Please provide the following info (tick the boxes after creating this topic):
Submission Type
Bug or Error
Feature Request
Documentation Issue
Question
Other
Workbench Version
Desktop App v0.44.8
CLI v0.21.3
Other
Host Machine operating system and location
Local Windows 11
Local Windows 10
Local macOS
Local Ubuntu 22.04
Remote Ubuntu 22.04
Other
The AI Workbench example readme’s document the memory size which is awesome . It is less awesome that none of the examples run on a single consumer card.
Can someone point me at a project that fits in 8gb, 12gb, 16gb or 20gb?
Are there any examples that run across multiple consumer cards in a machine.
Here is a full list of the example projects we offer.
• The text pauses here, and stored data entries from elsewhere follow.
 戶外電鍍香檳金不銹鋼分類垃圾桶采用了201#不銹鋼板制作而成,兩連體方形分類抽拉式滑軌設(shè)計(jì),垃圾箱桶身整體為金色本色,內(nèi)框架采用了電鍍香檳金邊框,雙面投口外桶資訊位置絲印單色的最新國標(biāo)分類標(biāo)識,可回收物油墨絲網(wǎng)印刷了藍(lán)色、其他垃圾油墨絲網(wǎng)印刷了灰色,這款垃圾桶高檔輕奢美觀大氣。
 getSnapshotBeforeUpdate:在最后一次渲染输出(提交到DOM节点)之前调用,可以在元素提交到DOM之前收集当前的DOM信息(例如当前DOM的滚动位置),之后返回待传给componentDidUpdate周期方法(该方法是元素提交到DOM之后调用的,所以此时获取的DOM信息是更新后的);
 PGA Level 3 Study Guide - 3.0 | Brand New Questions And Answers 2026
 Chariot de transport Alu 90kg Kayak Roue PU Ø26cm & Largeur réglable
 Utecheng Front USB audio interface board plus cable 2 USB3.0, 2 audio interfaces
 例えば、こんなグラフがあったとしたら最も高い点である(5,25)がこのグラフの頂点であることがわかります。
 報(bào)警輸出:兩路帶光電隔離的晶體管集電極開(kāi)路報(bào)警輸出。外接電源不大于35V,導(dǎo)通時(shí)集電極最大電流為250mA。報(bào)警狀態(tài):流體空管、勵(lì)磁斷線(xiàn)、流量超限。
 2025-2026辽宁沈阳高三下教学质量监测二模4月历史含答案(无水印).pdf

The finetuning projects generally require more GPU compute, so it may be difficult to run those on a small consumer card (especially those dealing with NeMo Framework). The mistral finetuning project you may be able to fit as long as you run at lower quantization, eg. 4-bit. Additionally, the sdxl customization project may be able to run on a smaller consumer card as well, eg. 16gb or lower.
The Hybrid RAG project does not require a GPU if running with cloud endpoints; if you would like to inference with a model locally, you can quantize a smaller model down to 4 bits and fit it onto a 16gb or lower card.
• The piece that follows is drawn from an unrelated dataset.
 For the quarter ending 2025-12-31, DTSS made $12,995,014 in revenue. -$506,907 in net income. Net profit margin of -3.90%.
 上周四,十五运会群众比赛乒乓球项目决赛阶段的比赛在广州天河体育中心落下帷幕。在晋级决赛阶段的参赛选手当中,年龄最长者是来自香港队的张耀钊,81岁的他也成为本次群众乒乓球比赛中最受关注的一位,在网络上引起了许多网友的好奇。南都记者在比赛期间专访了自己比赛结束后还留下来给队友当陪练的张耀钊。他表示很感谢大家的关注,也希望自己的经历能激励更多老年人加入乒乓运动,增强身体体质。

The data science projects should be able to use smaller GPUs to accelerate libraries like pandas and sklearn.
You can assign multiple GPUs to a project under Environment > Hardware > GPUs. For many examples the default is 1, but this can be adjusted to assign more GPUs to a project at runtime.
Some README definitions may need updating but in general those are geared more towards recommended rather than minimum specs.
If working on a multi-GPU system, you can attach more GPUs to a project under Environment > Hardware. They should show up in the project container under nvidia-smi and you can use it to run models like any other multi GPU system.